Core-Shell NiO@Ni-P Hybrid Nanosheet Array for Synergistically Enhanced Oxygen Evolution Electrocatalysis: Experimental and Theoretical Insights

Shuai Hao; Ninghua Chen; Qin Liu; Ying Xie; Honggang Fu; Yingchun Yang

doi:10.1002/asia.201800033

Core-Shell NiO@Ni-P Hybrid Nanosheet Array for Synergistically Enhanced Oxygen Evolution Electrocatalysis: Experimental and Theoretical Insights

Chem Asian J. 2018 Apr 16;13(8):944-949. doi: 10.1002/asia.201800033. Epub 2018 Mar 23.

Authors

Shuai Hao¹, Ninghua Chen¹, Qin Liu¹, Ying Xie², Honggang Fu², Yingchun Yang¹

Affiliations

¹ College of Resources and Evironment, Chengdu University of Information Technology, Chengdu, 610225 Sichuan, China.
² Laboratory of Functional Inorganic Material Chemistry, Heilongjiang University, Harbin, 150080, Heilongjiang, China.

PMID: 29508950
DOI: 10.1002/asia.201800033

Abstract

Cost-effective and highly-efficient electrocatalysts for the oxygen evolution reaction are crucial for electrolytic hydrogen production. Here, we report core-shell NiO@Ni-P nanosheet arrays as a high-performance 3D catalyst for water oxidation electrocatalysis. Such nanoarrays demand overpotentials of 292 and 350 mV to drive geometrical catalytic current densities of 10 and 100 mA cm^-2 , respectively, with an activity superior to its NiO and Ni-P counterparts.
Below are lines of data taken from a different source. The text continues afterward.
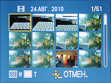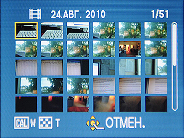 как она реализована, может стать решающим фактором. У Panasonic Lumix FP1 при записи видео возможно получение роликов следующего качества: - 4:3 VGA: 640 x 480 пикселей, 30 кадров в сек. (Motion Jpeg); - QVGA: 320 x 240 пикселей, 30 кадров в сек. (Motion JPEG); - 16:9 WVGA: 848 x 480 пикселей, 30 кадров в сек. (Motion JPEG). ![]() ![]() ![]() ![]() ![]() Во время съемки нельзя пользоваться оптическим зумом. Есть возможность записи звука моно. Режим просмотра фотографий в Panasonic Lumix DMC-FP1 реализован стандартным образом. Можно просматривать как по одной фотографии, так и группами по 12 или по 30 снимков (правда, по 30 в превью уже с трудом угадывается, что это за фотографии). Возможен «календарный» режим просмотра. Когда на экране появляется календарь, и можно посмотреть, какие фотографии сделаны в определенный день. ![]() ![]() ![]() ![]() ![]() ![]() ![]() При просмотре можно удалять фотографии по одной, группами или все сразу. Возможна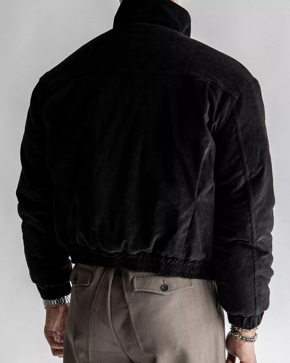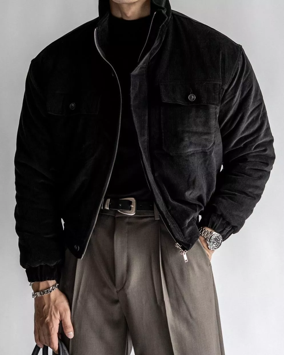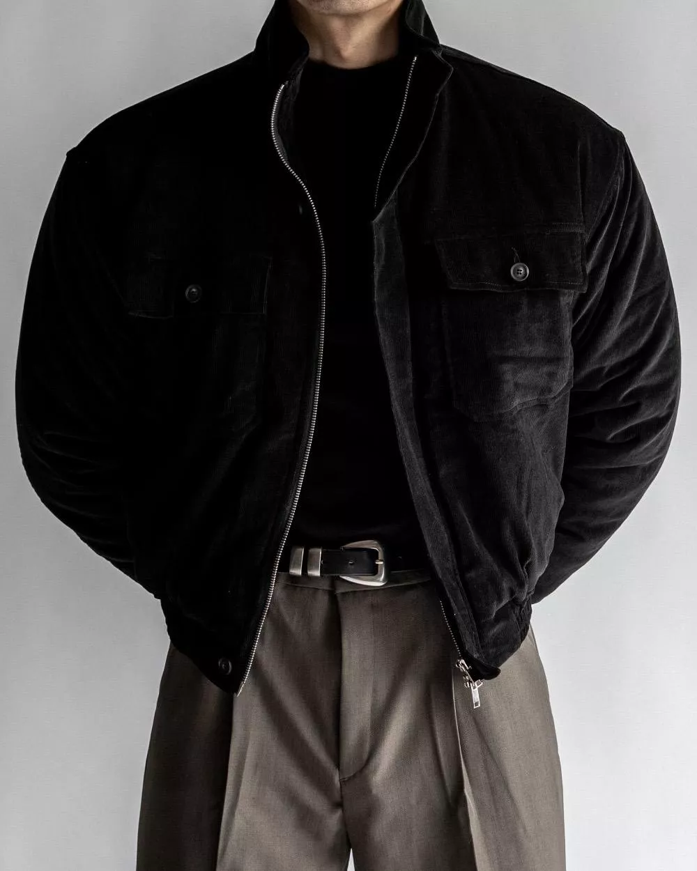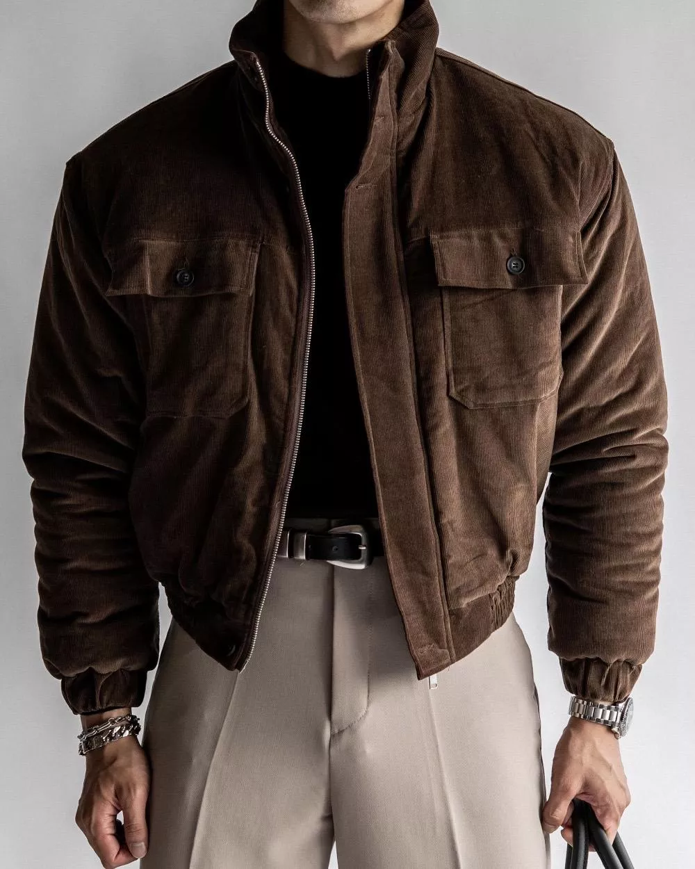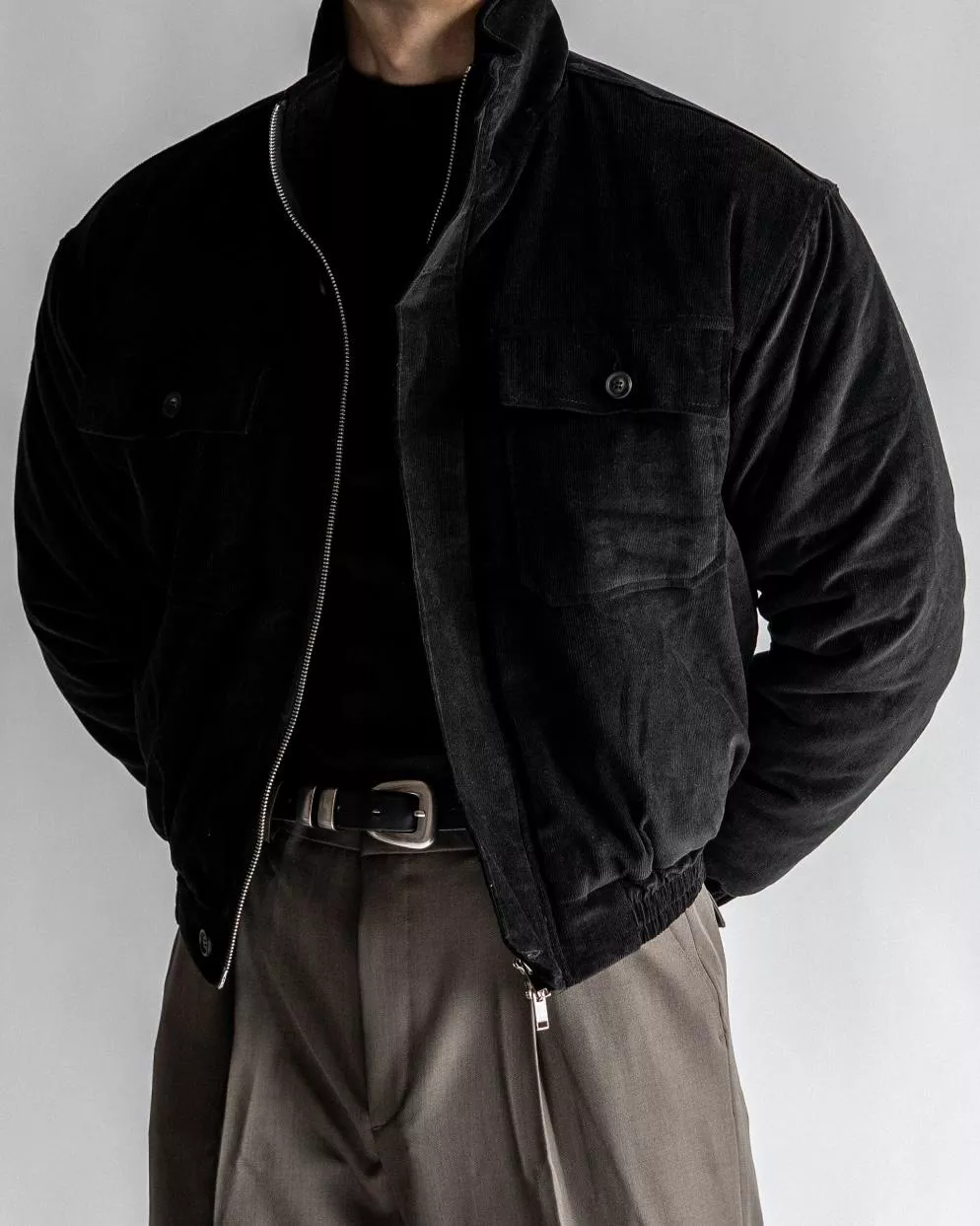 短版剪裁設計的工裝感卡車司機燈芯絨外套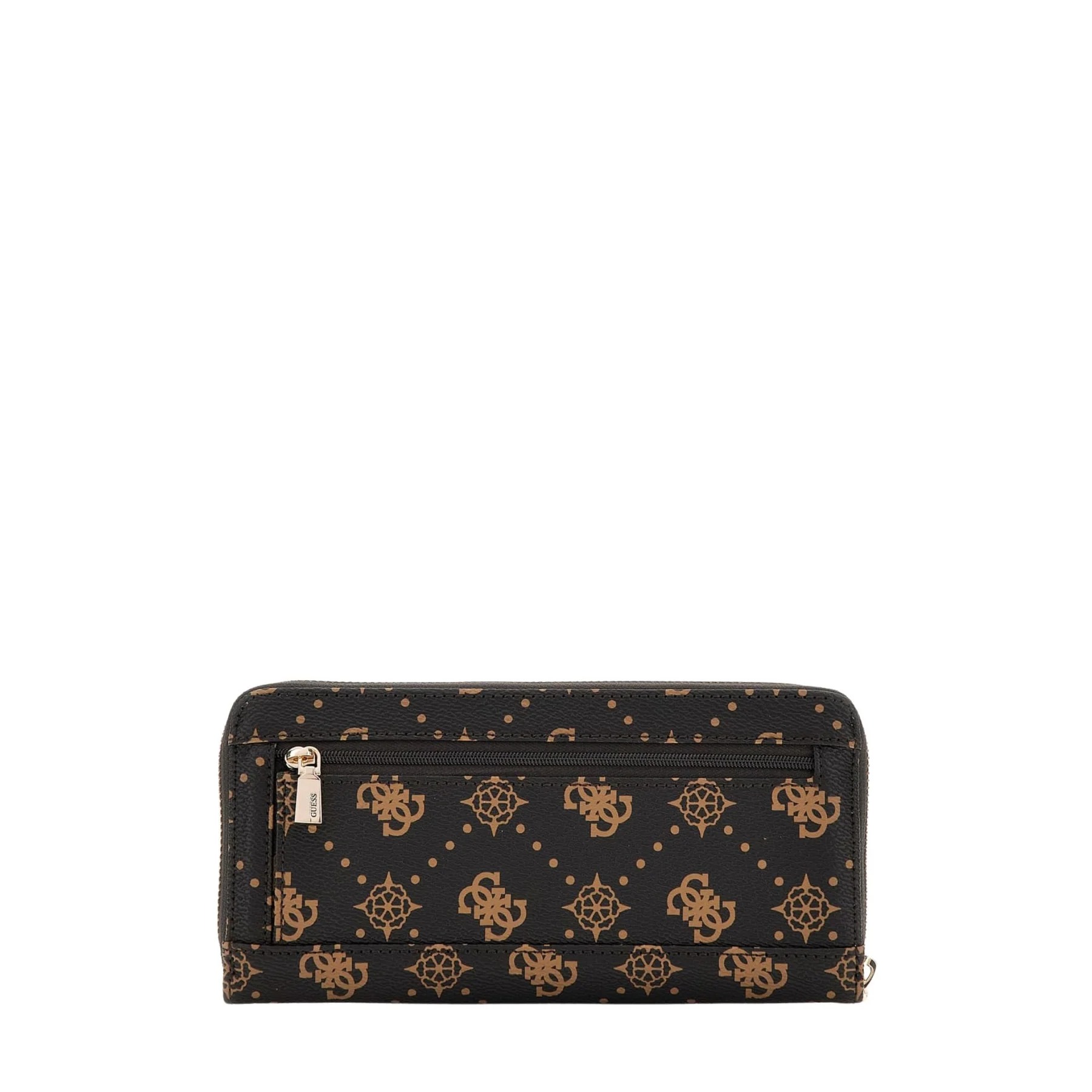 The wallet is made of polyurethane with an all-over logo and another metal logo on the front. It features a removable side strap, zip closure, and a zip pocket on the back. The interior is lined, divided into compartments, and a zip pocket for coins. 21 x 10 x 2 cm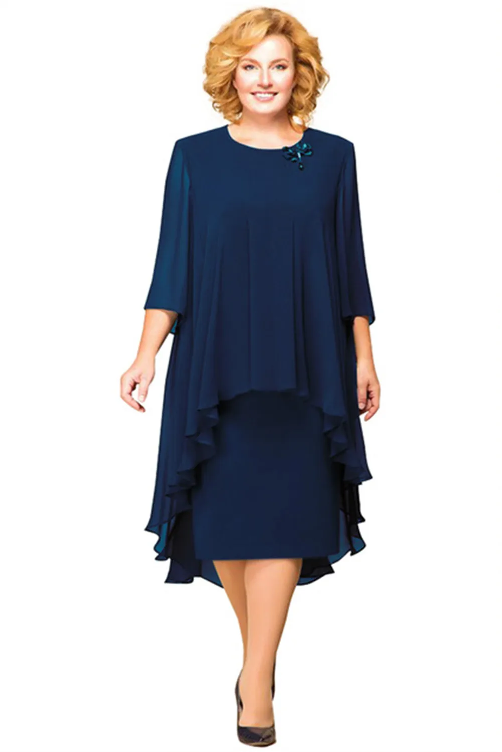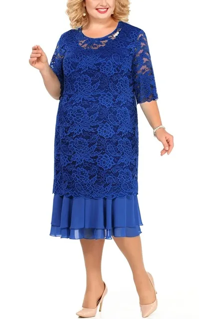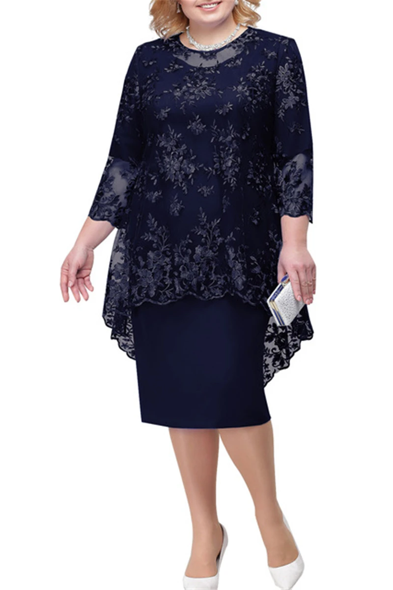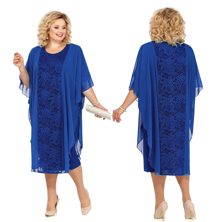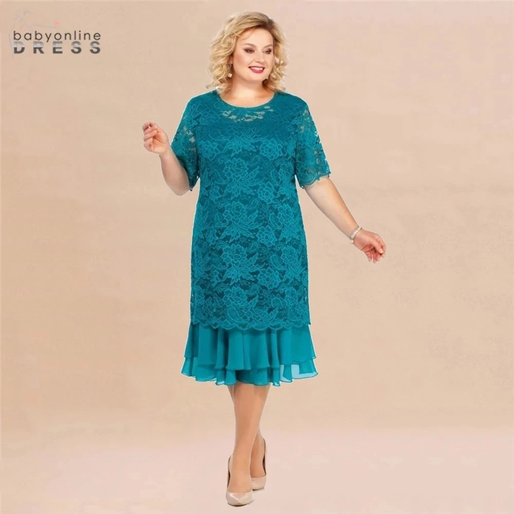 Женское платье для матери невесты, кружевное элегантное платье длиной до середины икры, комплект из двух предметов, размера плюс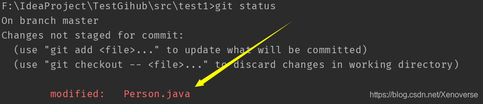 上面提示了我们,这个类里面有修改的操作。但是这个时候,你把person这个类里面改动的东西恢复原样。那么,status就不会提示改动的操作,一切以你文件是否“原样”为标准来判断。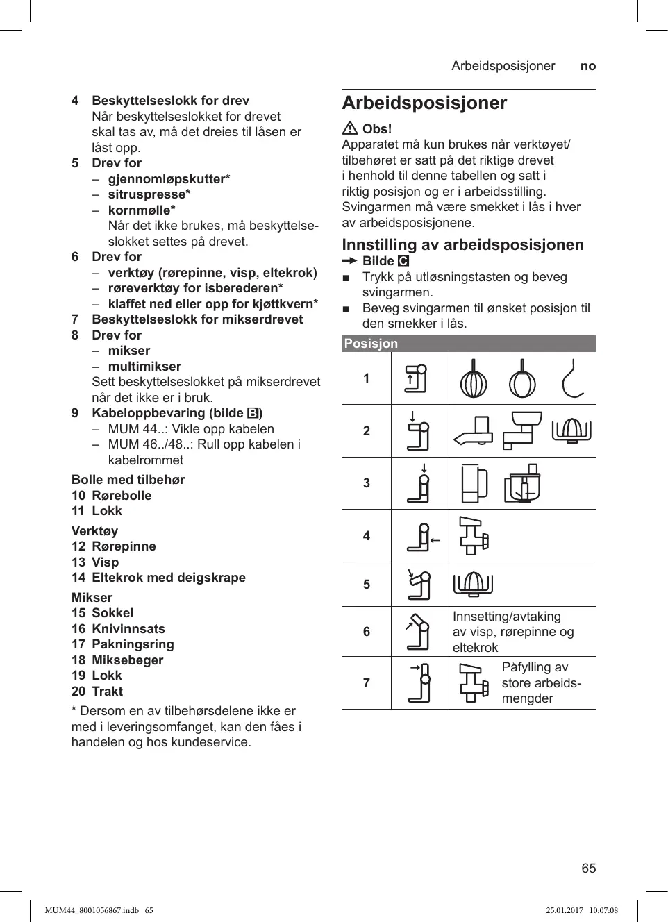 Tilbehgret til apparatet MUM 45.. egner seg ogsà for apparatene MUM44../46../48..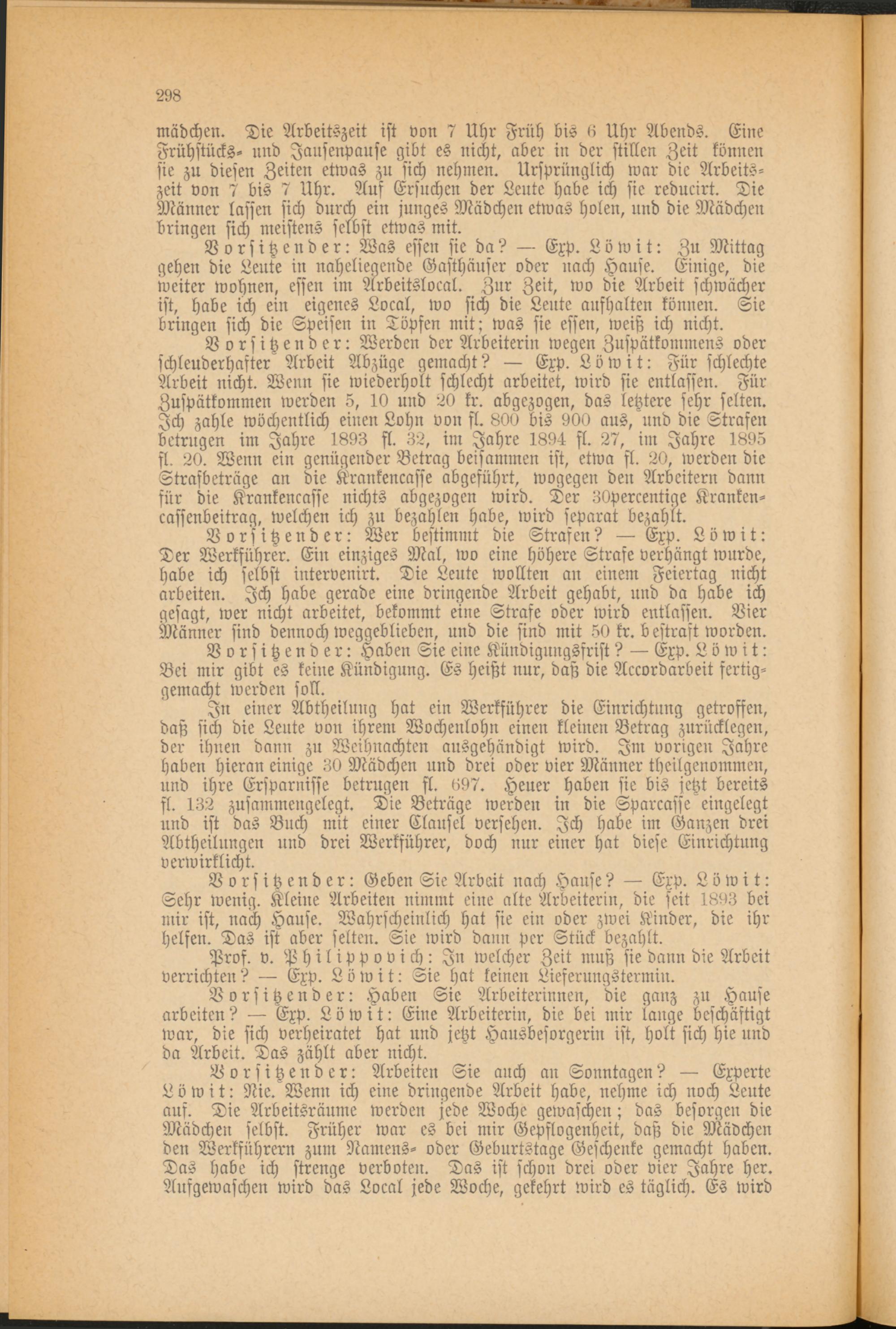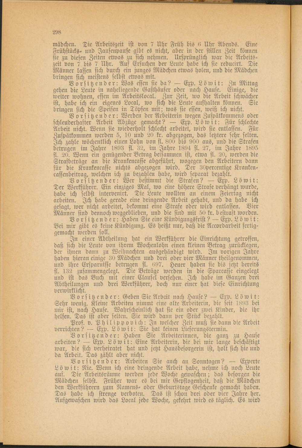 Vorsitzender: Was essen sie da? — Exp. Löwit: Zu Mittag gehen die Leute in naheliegende Gasthäuser oder nach Hause. Einige, die weiter wohnen, essen im Arbeitslocal. Zur Zeit, wo die Arbeit schwächer ist, habe ich ein eigenes Local, wo sich die Leute aufhalten können. Sie bringen sich die Speisen in Töpfen mit; was sie essen, weiß ich nicht.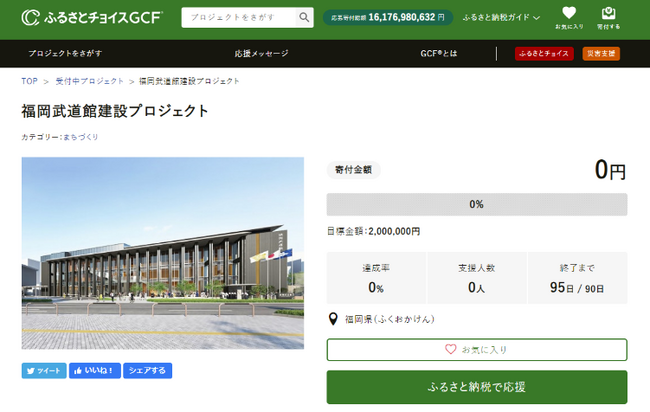 福岡県(知事:服部 誠太郎)と国内最大級のふるさと納税総合サイト「ふるさとチョイス」( https://www.furusato-tax.jp/ )を企画・運営する、株式会社トラストバンク(本社:東京都渋谷区、代表取締役:川村憲一、以下「トラストバンク」)は、12月15日、トラストバンクが提供する、ふるさと納税制度を通じてクラウドファンディング型で寄付を募る仕組み「ガバメントクラウドファンディング(R)」(以下「GCF(R)」)で、福岡武道館建設プロジェクトを開始します。募集期間は2023年12月15日~2024年3月13日で、目標寄付金額は200万円です。

Notably, this catalyst also shows a high long-term electrochemical durability with a Faradaic efficiency of 98.1 %. Density functional theory calculation reveals that the superior activity benefits from the synergistic effect between NiO and Ni-P.

Keywords: density functional calculations; nanosheet arrays; oxygen evolution reaction; synergistic effect; water oxidation electrocatalysis.